NowPublic and Who’s Doing Whom a Favour?
If you’re a regular Flickr user with Creative Commons-licensed photos, you’ve probably received a request from NowPublic to use one of your photos. I think this is a great application of the crowd-sourcing model, and they’ve got it 90% correct. I sent a feature request to NowPublic on the subject, and thought I’d share it here:
I’ve received a couple of recent requests to integrate Flickr photos into news stories. I’m happy to receive and approve them. However, your current setup obliges me to create a NowPublic account and subsequently log in every time I want to approve a photo (I’m not comfortable uniformly approving all future requests. That’s a pain point I could do without.
Philosophically, I think the question is ‘who’s doing whom a favour?’ The login implies that NP is doing me a favour by publishing my photo. I feel the opposite, that I’m doing NP a favour by permitting you to use my photo. If we work from my assumption, then it behooves NP to make the act of approval as effortless as possible.
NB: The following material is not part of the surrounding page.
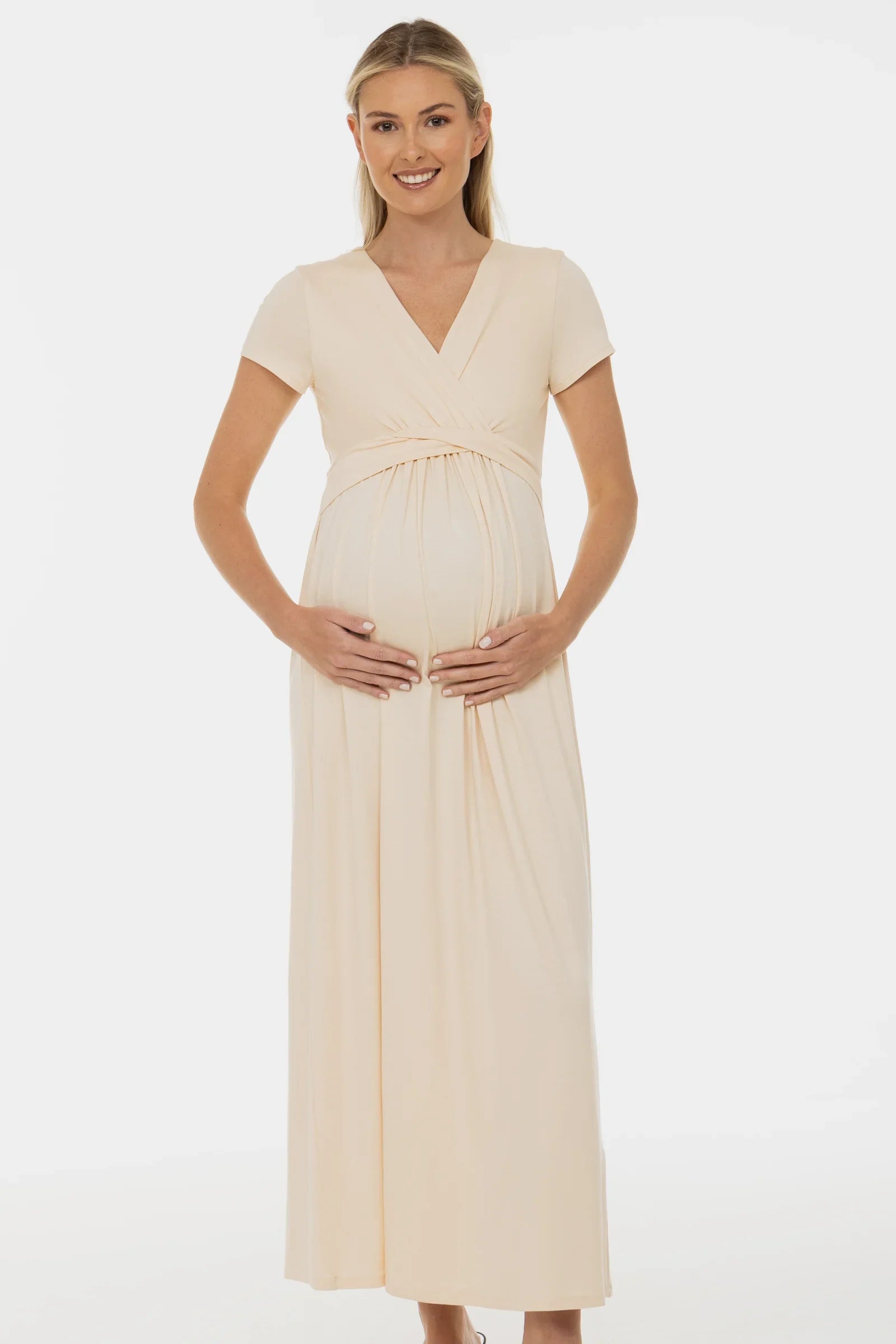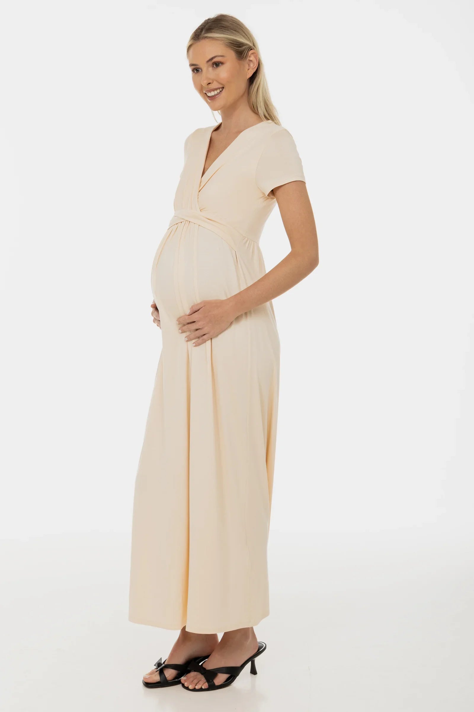Sukienka ciążowa i do karmienia z ozdobnym paskiem – szampański

Do you think I got this right? Or am I just whinging, and should be grateful for being asked to share my photos? And should that be ‘whom’ or ‘who’? I never committed the associated grammar rule to memory.
I’ve recognized that, personally, I feel quite differently about my photos on Flickr than I do about, say, this blog. While I strive to improve my work on this site, I feel much more ambivalent about my Flickr photos.
Flickr is really just a handy place to put and reference my photos. While I used to obsess about the visitor stats for this site, I almost never check the number of views that my photos have. It’s strictly a question of personal taste, but it’s probably that apathy that’s motivating this feature request.